** Data shown follows **

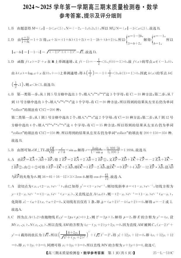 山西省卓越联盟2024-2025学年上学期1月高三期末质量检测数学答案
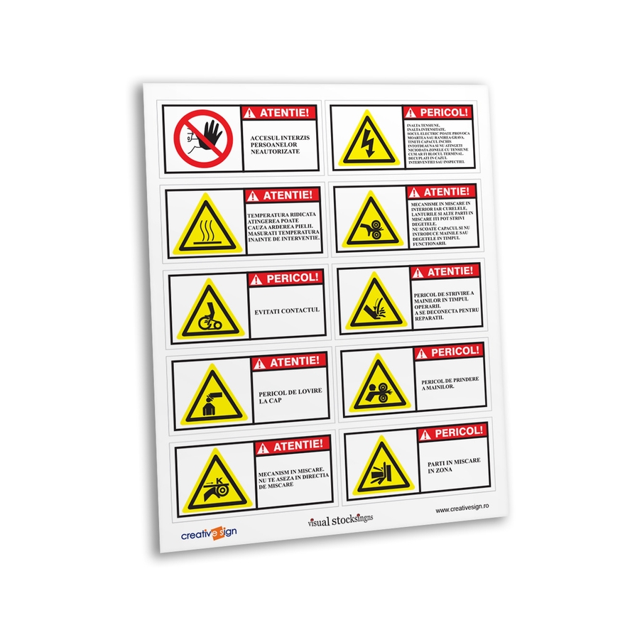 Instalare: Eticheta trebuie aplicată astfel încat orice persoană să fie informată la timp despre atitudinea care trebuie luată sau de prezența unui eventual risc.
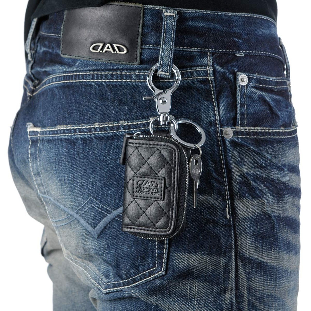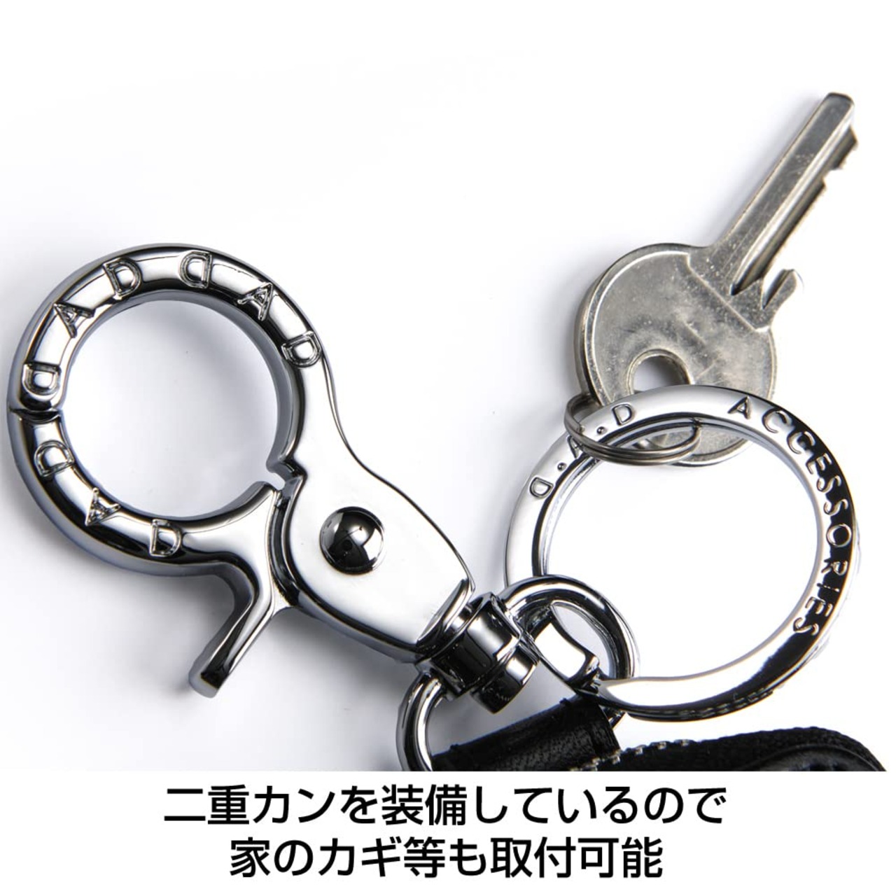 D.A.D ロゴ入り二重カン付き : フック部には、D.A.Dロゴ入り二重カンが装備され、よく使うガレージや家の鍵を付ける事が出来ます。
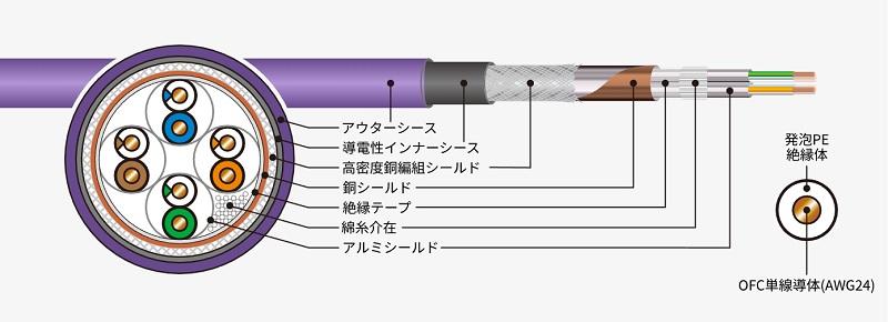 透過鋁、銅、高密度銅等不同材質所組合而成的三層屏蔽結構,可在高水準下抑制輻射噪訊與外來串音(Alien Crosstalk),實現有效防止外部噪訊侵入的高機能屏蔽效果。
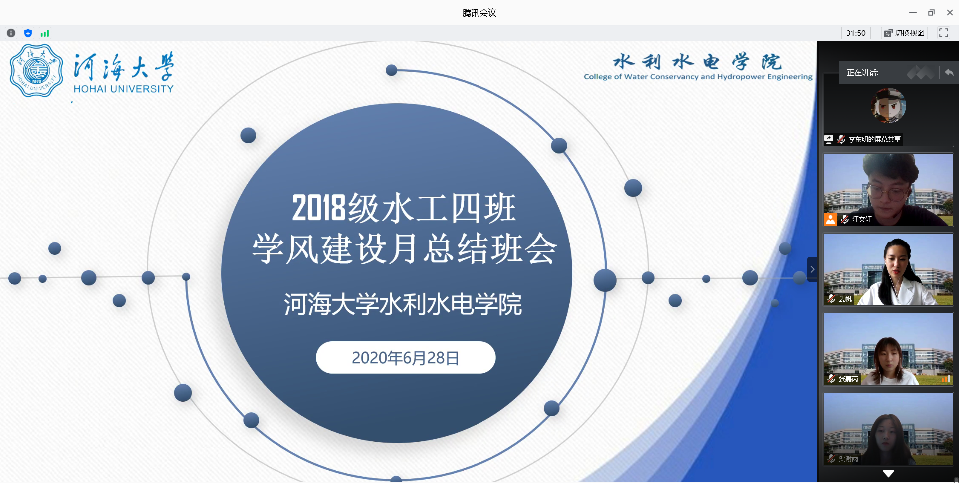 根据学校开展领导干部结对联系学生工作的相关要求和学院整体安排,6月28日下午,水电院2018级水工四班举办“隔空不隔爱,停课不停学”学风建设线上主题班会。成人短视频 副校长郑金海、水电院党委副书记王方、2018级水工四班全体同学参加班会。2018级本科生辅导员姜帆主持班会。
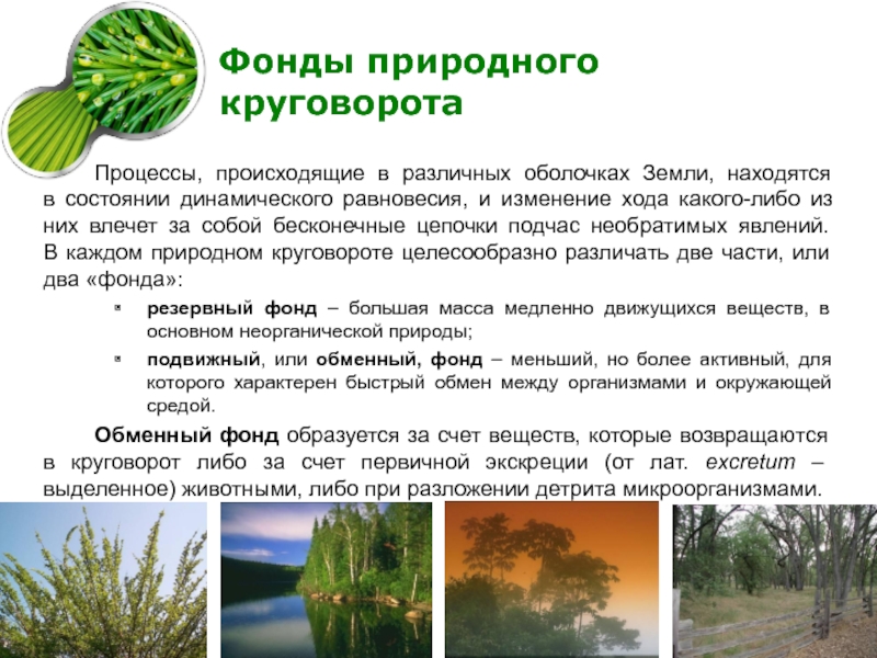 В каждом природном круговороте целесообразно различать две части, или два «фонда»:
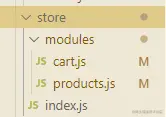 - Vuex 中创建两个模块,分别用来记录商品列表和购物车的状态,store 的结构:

** End of Data shown **

What this task involves:
Only the lines from the one containing "ロゴ入り二重カン付き : フック部には、D.A.Dロゴ入り二重カンが装備され、よく使うガレージや家の鍵を付ける事が出来ます。" through the last line of the records above should be repeated, exactly and without pictures.

Expected output:
 D.A.D ロゴ入り二重カン付き : フック部には、D.A.Dロゴ入り二重カンが装備され、よく使うガレージや家の鍵を付ける事が出来ます。
 透過鋁、銅、高密度銅等不同材質所組合而成的三層屏蔽結構,可在高水準下抑制輻射噪訊與外來串音(Alien Crosstalk),實現有效防止外部噪訊侵入的高機能屏蔽效果。
 根据学校开展领导干部结对联系学生工作的相关要求和学院整体安排,6月28日下午,水电院2018级水工四班举办“隔空不隔爱,停课不停学”学风建设线上主题班会。成人短视频 副校长郑金海、水电院党委副书记王方、2018级水工四班全体同学参加班会。2018级本科生辅导员姜帆主持班会。
 В каждом природном круговороте целесообразно различать две части, или два «фонда»:
 - Vuex 中创建两个模块,分别用来记录商品列表和购物车的状态,store 的结构:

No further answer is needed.